Ceux qui s’intéressent un peu au Costa Rica, pays modèle pour sa politique de protection environnementale, savent que, pendant de nombreuses années, son slogan a été « Pura Vida » : la vie pure, tant sur le plan de la préservation de la diversité biologique que de la qualité de la vie. Un slogan qui se fonde sur des réalités, puisque plus du quart du territoire est protégé sous forme de parcs naturels, publics ou privés, que la forêt est passé de 38 % du territoire en 1995, quand la déforestation a été interdite, à plus de 50 % aujourd’hui, et que le Costa Rica renferme 4,5 % de la biodiversité mondiale sur un territoire grand comme dix départements français. La partie touristique de notre programme nous a d’ailleurs permis de voir de nombreuses plantes et animaux devenus rares : paresseux, tatous, perroquets, crocodiles, iguanes… et surtout un quetzal, oiseau mythique d’Amérique centrale.En intitulant notre voyage annuel « Pura vida, puro marketing », centré sur le thème du marketing durable, nous nous interrogions sur les méthodes de marketing et de communication utilisées dans ce pays pour convaincre un peuple entier d’aligner ses comportements quotidiens sur une ligne politique ambitieuse. Nous avons assez rapidement noté que ce titre faisait grincer quelques dents, à notre grande surprise. Jusqu’au moment où nous avons compris que certains en avaient une interprétation tout à fait différente de notre intention : le slogan « Pura Vida » et la douceur de vivre costaricaine ne seraient-ils « que du marketing » ? La méprise aurait pu se contenter de nous faire rire, si…

Une indéniable dynamique…
Pour reprendre le vrai sens de notre escapade, nous avons eu l’opportunité de rencontrer un mélange de personnalités publiques, civiles, costaricaines, françaises, de grandes entreprises ou d’activités associatives ou artisanales. Des rencontres organisées en direct ou par l’entremise de la CCI France-Costa Rica. Entre autres, notre ambassadeur Thierry Vankerk-Hoven a longuement exposé les priorités de la France dans le pays, du retour nécessaire de la langue française, délaissée depuis de nombreuses années, à l’opportunité représentée par la politique de ce pays pour nos grandes ou moins grandes entreprises « vertes », sans oublier l’attachement de la France au multilatéralisme. Pour comprendre la façon dont les enjeux environnementaux sont abordés au Costa Rica, nous avons pu échanger avec le directeur du quotidien La Nación, avec les responsables de la CCI mais aussi avec Silvia Pérez Baires, responsable de la stratégie d’AutoMercado, l’équivalent de Monoprix au Costa Rica. L’enseigne, qui est en train de tester l’abandon des sacs plastiques dans deux magasins, travaille avec des fournisseurs « éco-sensibles » et a monté de nombreux partenariats avec des associations environnementales et caritatives. Sans oublier Procomer, entité responsable de la promotion du tourisme, qui a brillamment exposé la stratégie de communication pour attirer les différents segments pertinents.Le tourisme est indiscutablement le poumon économique du pays, dont il représente 13 % du PIB. Si les infrastructures (routes, transports) laissent encore à désirer, les visiteurs se sentent plus que bienvenus dans tout le pays et les activités ne manquent pas (nous avons testé entre autres le rafting, les tyroliennes, les ponts suspendus, les réserves animalières… et les plages). Thème du voyage oblige, nous avons aussi visité de nombreuses exploitations agricoles, dont certaines, destinées davantage aux visites touristiques qu’au commerce, constituent une passionnante vitrine pédagogique des savoir-faire traditionnels du pays : café, cacao, palmitos (les cœurs de palmier), fruits. Mais pendant ce temps-là, les grandes compagnies fruitières américaines continuent à exploiter les bananes, les ananas ou l’huile de palme selon des procédés bien peu écologiques…

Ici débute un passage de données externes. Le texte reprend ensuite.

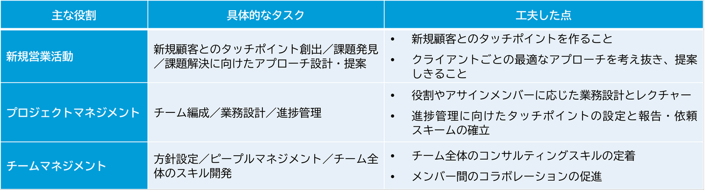 組織目標や課題解決に対して「自分がやり遂げる」という強いオーナーシップを持って挑戦し続けたました。

… et des résultats contrastés
En conclusion de nos rencontres professionnelles, les responsables de l’agence Havas Tribú, qui emploie, comme le groupe Publicis, plusieurs centaines de collaborateurs à San Jose, nous ont dévoilé une version plus réaliste du paysage marketing local. Ils ont souligné la réticence des consommateurs costaricains à payer plus cher pour des produits durables voire, pour certains, à respecter leur propre environnement de vie. Une vieille rengaine…En définitive, si notre voyage nous a montré que le slogan « Pura vida », remplacé depuis quelques années par le plus banal « Essential Costa Rica », reposait sur des réalités objectives, dont les indéniables richesses naturelles et biologiques du pays ou la capacité d’accueil de sa population, la vérité oblige à dire que le chemin semble encore long jusqu’à l’adoption par le cœur de la population des pratiques de développement durable préconisées par un gouvernement visionnaire.